### Problem to solve
Output each record verbatim, with pictures left out.

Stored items
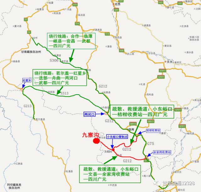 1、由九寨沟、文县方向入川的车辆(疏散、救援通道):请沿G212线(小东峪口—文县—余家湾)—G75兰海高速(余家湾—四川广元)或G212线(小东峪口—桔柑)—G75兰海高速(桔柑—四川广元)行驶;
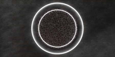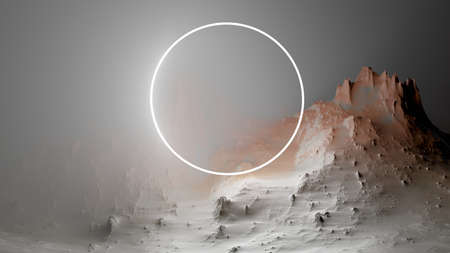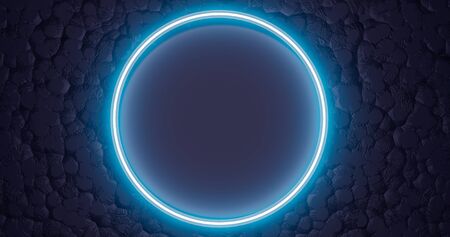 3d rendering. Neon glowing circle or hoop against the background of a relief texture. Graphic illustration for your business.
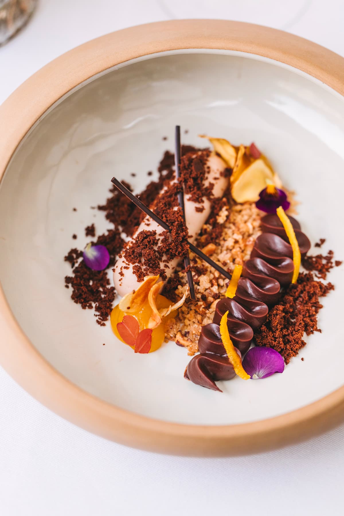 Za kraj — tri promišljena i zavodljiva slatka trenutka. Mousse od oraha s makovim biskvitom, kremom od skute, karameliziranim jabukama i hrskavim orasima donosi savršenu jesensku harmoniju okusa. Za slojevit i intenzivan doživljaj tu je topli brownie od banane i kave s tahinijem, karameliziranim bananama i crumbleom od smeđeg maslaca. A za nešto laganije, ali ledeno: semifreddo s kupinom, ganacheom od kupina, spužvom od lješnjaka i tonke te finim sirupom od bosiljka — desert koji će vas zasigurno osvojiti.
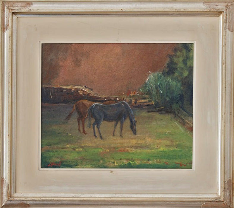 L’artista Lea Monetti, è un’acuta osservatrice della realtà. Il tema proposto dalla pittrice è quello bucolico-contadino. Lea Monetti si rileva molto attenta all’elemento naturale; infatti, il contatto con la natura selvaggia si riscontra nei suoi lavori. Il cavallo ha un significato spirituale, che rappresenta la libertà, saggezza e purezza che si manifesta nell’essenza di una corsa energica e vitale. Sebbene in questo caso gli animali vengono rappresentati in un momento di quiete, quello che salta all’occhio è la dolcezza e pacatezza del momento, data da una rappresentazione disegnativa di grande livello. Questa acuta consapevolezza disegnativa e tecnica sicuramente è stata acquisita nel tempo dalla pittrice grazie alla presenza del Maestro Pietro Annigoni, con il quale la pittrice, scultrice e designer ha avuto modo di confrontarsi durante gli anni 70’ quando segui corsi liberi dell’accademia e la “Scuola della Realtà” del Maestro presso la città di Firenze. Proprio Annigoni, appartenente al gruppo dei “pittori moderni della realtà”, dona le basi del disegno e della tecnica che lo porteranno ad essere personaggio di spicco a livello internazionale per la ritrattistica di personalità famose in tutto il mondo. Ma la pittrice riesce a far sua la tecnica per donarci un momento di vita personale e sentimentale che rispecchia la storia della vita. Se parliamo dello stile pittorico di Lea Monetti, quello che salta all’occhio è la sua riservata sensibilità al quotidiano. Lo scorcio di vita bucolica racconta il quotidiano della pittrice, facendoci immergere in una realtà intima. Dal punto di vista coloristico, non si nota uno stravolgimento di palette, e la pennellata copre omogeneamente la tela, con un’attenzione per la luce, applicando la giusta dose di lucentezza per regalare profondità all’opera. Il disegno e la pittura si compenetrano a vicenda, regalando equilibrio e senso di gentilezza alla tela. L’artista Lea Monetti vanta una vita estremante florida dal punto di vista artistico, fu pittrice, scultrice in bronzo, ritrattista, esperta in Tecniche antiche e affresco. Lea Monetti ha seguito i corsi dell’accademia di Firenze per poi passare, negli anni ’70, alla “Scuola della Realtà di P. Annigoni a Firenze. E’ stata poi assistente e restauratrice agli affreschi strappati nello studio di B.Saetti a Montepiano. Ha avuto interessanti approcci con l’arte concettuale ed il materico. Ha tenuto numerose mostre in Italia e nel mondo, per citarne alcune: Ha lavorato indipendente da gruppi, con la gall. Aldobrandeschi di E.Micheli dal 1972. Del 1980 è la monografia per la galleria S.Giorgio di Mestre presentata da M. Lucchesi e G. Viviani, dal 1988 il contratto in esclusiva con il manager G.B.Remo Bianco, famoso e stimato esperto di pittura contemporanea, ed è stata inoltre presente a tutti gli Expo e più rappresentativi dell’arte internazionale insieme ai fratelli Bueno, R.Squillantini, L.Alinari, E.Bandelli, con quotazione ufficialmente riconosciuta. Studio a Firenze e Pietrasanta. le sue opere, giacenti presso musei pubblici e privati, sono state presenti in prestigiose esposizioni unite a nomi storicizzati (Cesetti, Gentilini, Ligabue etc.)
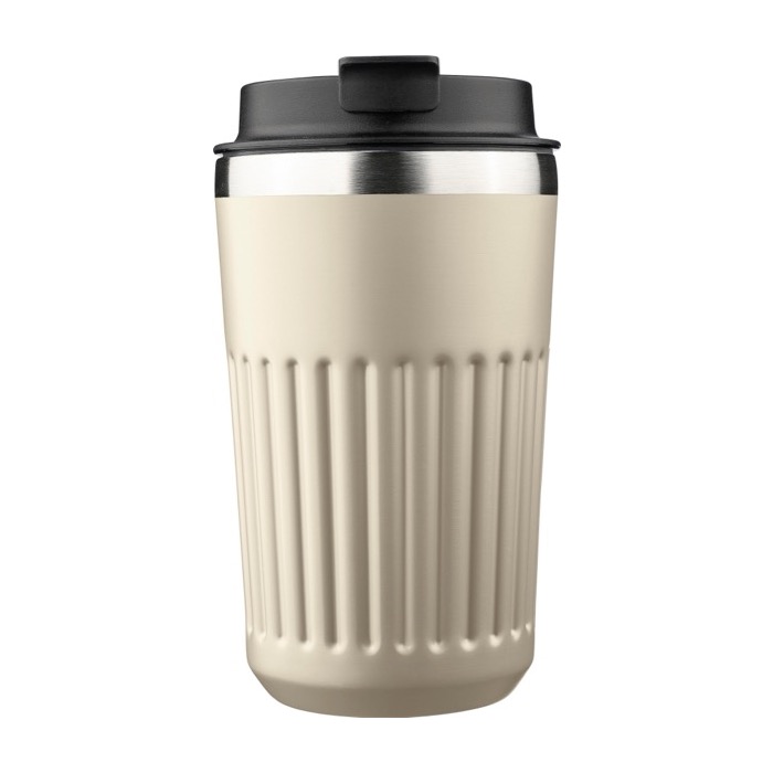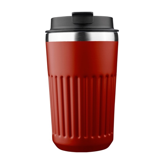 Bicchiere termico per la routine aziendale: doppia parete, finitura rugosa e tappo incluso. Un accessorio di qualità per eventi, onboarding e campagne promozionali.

### Output below
 1、由九寨沟、文县方向入川的车辆(疏散、救援通道):请沿G212线(小东峪口—文县—余家湾)—G75兰海高速(余家湾—四川广元)或G212线(小东峪口—桔柑)—G75兰海高速(桔柑—四川广元)行驶;
 3d rendering. Neon glowing circle or hoop against the background of a relief texture. Graphic illustration for your business.
 Za kraj — tri promišljena i zavodljiva slatka trenutka. Mousse od oraha s makovim biskvitom, kremom od skute, karameliziranim jabukama i hrskavim orasima donosi savršenu jesensku harmoniju okusa. Za slojevit i intenzivan doživljaj tu je topli brownie od banane i kave s tahinijem, karameliziranim bananama i crumbleom od smeđeg maslaca. A za nešto laganije, ali ledeno: semifreddo s kupinom, ganacheom od kupina, spužvom od lješnjaka i tonke te finim sirupom od bosiljka — desert koji će vas zasigurno osvojiti.
 L’artista Lea Monetti, è un’acuta osservatrice della realtà. Il tema proposto dalla pittrice è quello bucolico-contadino. Lea Monetti si rileva molto attenta all’elemento naturale; infatti, il contatto con la natura selvaggia si riscontra nei suoi lavori. Il cavallo ha un significato spirituale, che rappresenta la libertà, saggezza e purezza che si manifesta nell’essenza di una corsa energica e vitale. Sebbene in questo caso gli animali vengono rappresentati in un momento di quiete, quello che salta all’occhio è la dolcezza e pacatezza del momento, data da una rappresentazione disegnativa di grande livello. Questa acuta consapevolezza disegnativa e tecnica sicuramente è stata acquisita nel tempo dalla pittrice grazie alla presenza del Maestro Pietro Annigoni, con il quale la pittrice, scultrice e designer ha avuto modo di confrontarsi durante gli anni 70’ quando segui corsi liberi dell’accademia e la “Scuola della Realtà” del Maestro presso la città di Firenze. Proprio Annigoni, appartenente al gruppo dei “pittori moderni della realtà”, dona le basi del disegno e della tecnica che lo porteranno ad essere personaggio di spicco a livello internazionale per la ritrattistica di personalità famose in tutto il mondo. Ma la pittrice riesce a far sua la tecnica per donarci un momento di vita personale e sentimentale che rispecchia la storia della vita. Se parliamo dello stile pittorico di Lea Monetti, quello che salta all’occhio è la sua riservata sensibilità al quotidiano. Lo scorcio di vita bucolica racconta il quotidiano della pittrice, facendoci immergere in una realtà intima. Dal punto di vista coloristico, non si nota uno stravolgimento di palette, e la pennellata copre omogeneamente la tela, con un’attenzione per la luce, applicando la giusta dose di lucentezza per regalare profondità all’opera. Il disegno e la pittura si compenetrano a vicenda, regalando equilibrio e senso di gentilezza alla tela. L’artista Lea Monetti vanta una vita estremante florida dal punto di vista artistico, fu pittrice, scultrice in bronzo, ritrattista, esperta in Tecniche antiche e affresco. Lea Monetti ha seguito i corsi dell’accademia di Firenze per poi passare, negli anni ’70, alla “Scuola della Realtà di P. Annigoni a Firenze. E’ stata poi assistente e restauratrice agli affreschi strappati nello studio di B.Saetti a Montepiano. Ha avuto interessanti approcci con l’arte concettuale ed il materico. Ha tenuto numerose mostre in Italia e nel mondo, per citarne alcune: Ha lavorato indipendente da gruppi, con la gall. Aldobrandeschi di E.Micheli dal 1972. Del 1980 è la monografia per la galleria S.Giorgio di Mestre presentata da M. Lucchesi e G. Viviani, dal 1988 il contratto in esclusiva con il manager G.B.Remo Bianco, famoso e stimato esperto di pittura contemporanea, ed è stata inoltre presente a tutti gli Expo e più rappresentativi dell’arte internazionale insieme ai fratelli Bueno, R.Squillantini, L.Alinari, E.Bandelli, con quotazione ufficialmente riconosciuta. Studio a Firenze e Pietrasanta. le sue opere, giacenti presso musei pubblici e privati, sono state presenti in prestigiose esposizioni unite a nomi storicizzati (Cesetti, Gentilini, Ligabue etc.)
 Bicchiere termico per la routine aziendale: doppia parete, finitura rugosa e tappo incluso. Un accessorio di qualità per eventi, onboarding e campagne promozionali.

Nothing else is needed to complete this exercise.